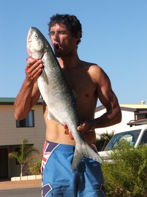 yeah be good if perth saw them that big, im sure out on the bombies youd get them pretty big, they actually get bigger than that, was a big female full of eggs, if id known i would have thrown her back, but she did taste pretty damn fine tho! round may june you get some woppers in there and you cant stop them even when you get them into the deeper water. Up north from here they get up to 9 odd kg and u stand no chance with them on the reef up there.
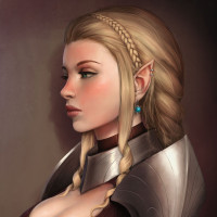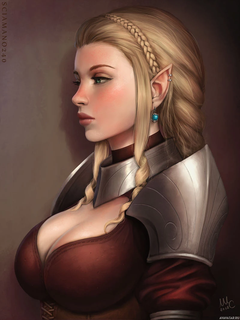 blonde hair, pointed ears typical for elves in fantasy media, and her attire consists of a breastplate and armor with a chainmail skirt, suggesting she might be a warrior or a protector of some sort. The art style is realistic, with
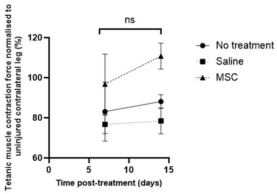 The results of this pilot investigation should be interpreted in light of certain methodological limitations. It is worth noting that conducting a reliable physiological measurement of muscle strength poses technical challenges, which may have contributed to the increased variability of muscle force measurement observed across the groups. Before the actual measurement of tetanic contraction could be obtained in our study, the muscle was subjected to multiple electrical stimulations to optimise the experimental protocol in each animal. This included determination of resting length at which the overlapping of actin and myosin filaments is optimal, incremental stimulation strength until a maximal amplitude of a single muscle twitch was reached, and incremental rise in the frequency of stimulation until a maximal plateau in the amplitude of tetanic contraction was obtained. This procedure was repeated in the contralateral leg. This intricate experimental procedure had the advantage of tailoring the optimisation of tetanic force measurement to the individual animal to ensure recruitment of all motor units in the whole muscle of each animal. Similar approaches have been used in other studies [69,70]. It is notable that most studies used only a single functional parameter to assess muscle function [25,26,29,41,47,49,51]. Although some variation exists in the reporting of muscle contractile function in absolute unit (g [69], N [29,49,51] mN/g [15]); most studies expressed the functional outcome of the regenerated muscle as the ratio of muscle force of the injured to contralateral uninjured leg, which is consistent with our approach. This allows each animal to serve as its own control, which reduces variability caused by inter-animal differences in body size, muscle mass, and baseline muscle strength. In this study, we have attempted to minimise selection bias by randomising the sequence of order of testing between injured and uninjured legs. Nevertheless, it is plausible that even the uninjured muscle could be fatigued when subjected to this lengthy protocol, thereby producing a lesser force. As a precaution, a 15 min interval was introduced between measurements of muscle strength in the injured and uninjured muscles to allow for full recovery and minimise fatigue. Nevertheless, the presence of fatigue could have contributed to a lower tetanic force in the injured compared with the contralateral muscle, although this effect was consistent across groups. Another limitation that is worth acknowledging is the lack of assessment of additional functional parameters of muscle function such as endurance or recovery rate after fatigue. A more comprehensive evaluation of muscle morphometrics and composition (lean muscle mass, myofibre cross-sectional area) as well as contractile performance (endurance testing ex vivo, contraction dynamics, and force-velocity analysis) [71,72] would be valuable in future studies to better characterise the impact of MSC treatment on muscle regeneration.
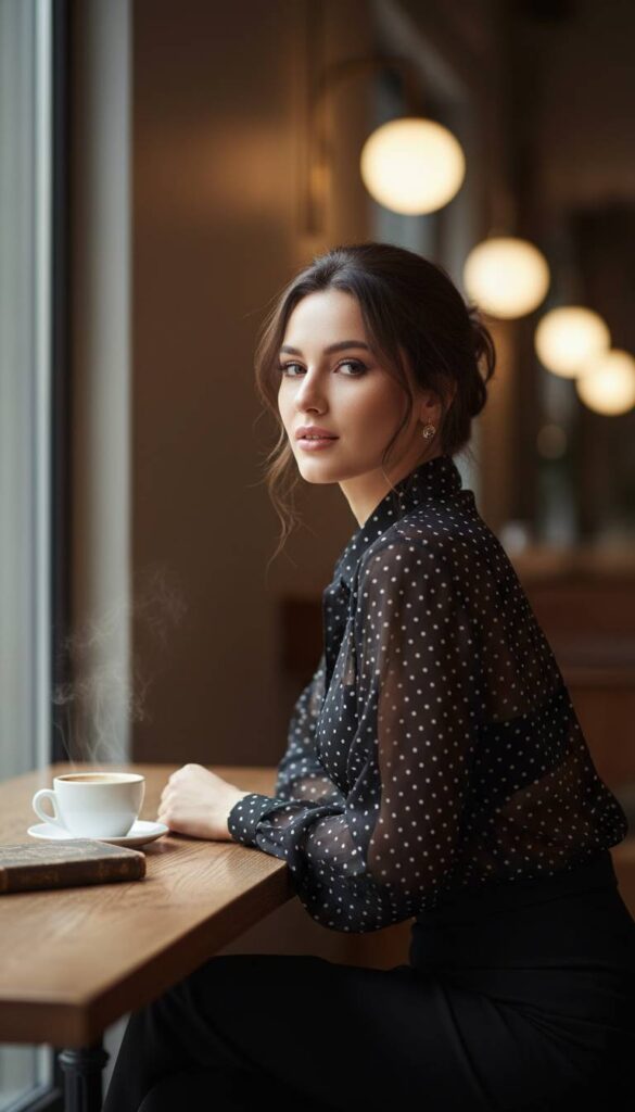 Embrace the sheer trend by layering a see-through organza or mesh blouse over a solid lace bralette. This look is edgy and sophisticated. To balance the top, pair it with tailored trousers or faux leather pants. It is a bold statement that says you are not afraid to be seen.
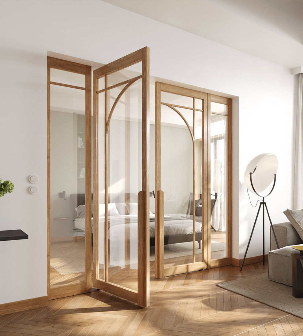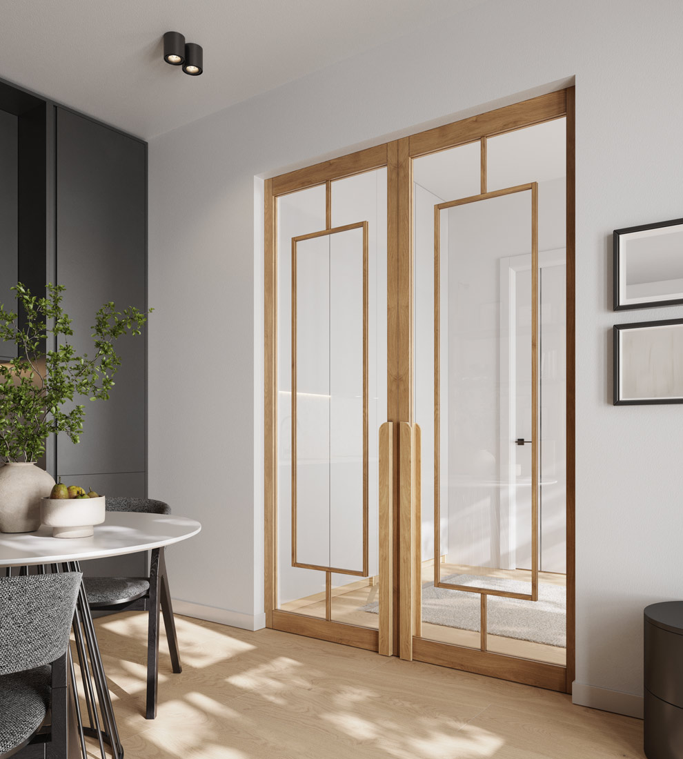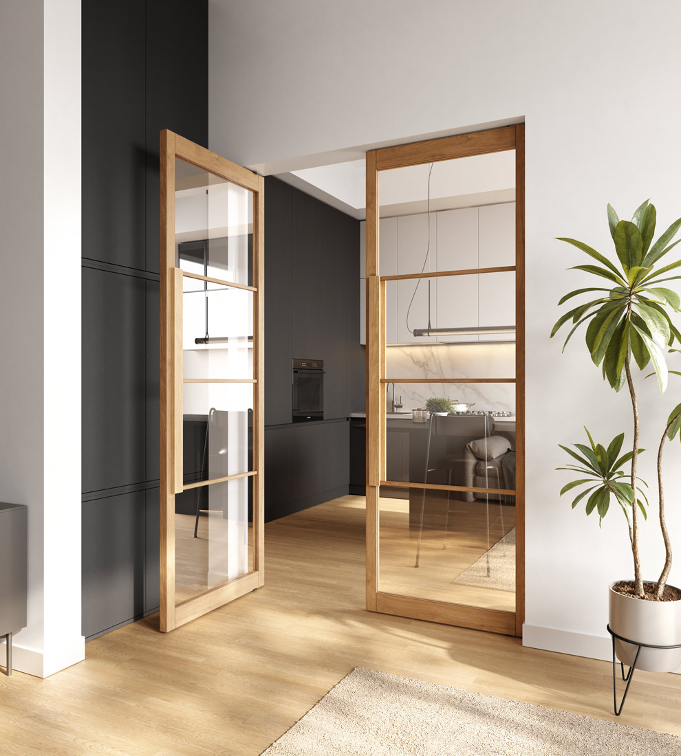Die doppelflügeligen Designtüren aus Holz und Glas verbinden Wohnbereich und Küche mit Leichtigkeit und Stil.
————————
**Task objective**
All lines from the beginning of the material above through the line holding "blonde hair, pointed" are to be given again exactly, and no others; pictures do not go in.

**Expected answer**
 yeah be good if perth saw them that big, im sure out on the bombies youd get them pretty big, they actually get bigger than that, was a big female full of eggs, if id known i would have thrown her back, but she did taste pretty damn fine tho! round may june you get some woppers in there and you cant stop them even when you get them into the deeper water. Up north from here they get up to 9 odd kg and u stand no chance with them on the reef up there.
 blonde hair, pointed ears typical for elves in fantasy media, and her attire consists of a breastplate and armor with a chainmail skirt, suggesting she might be a warrior or a protector of some sort. The art style is realistic, with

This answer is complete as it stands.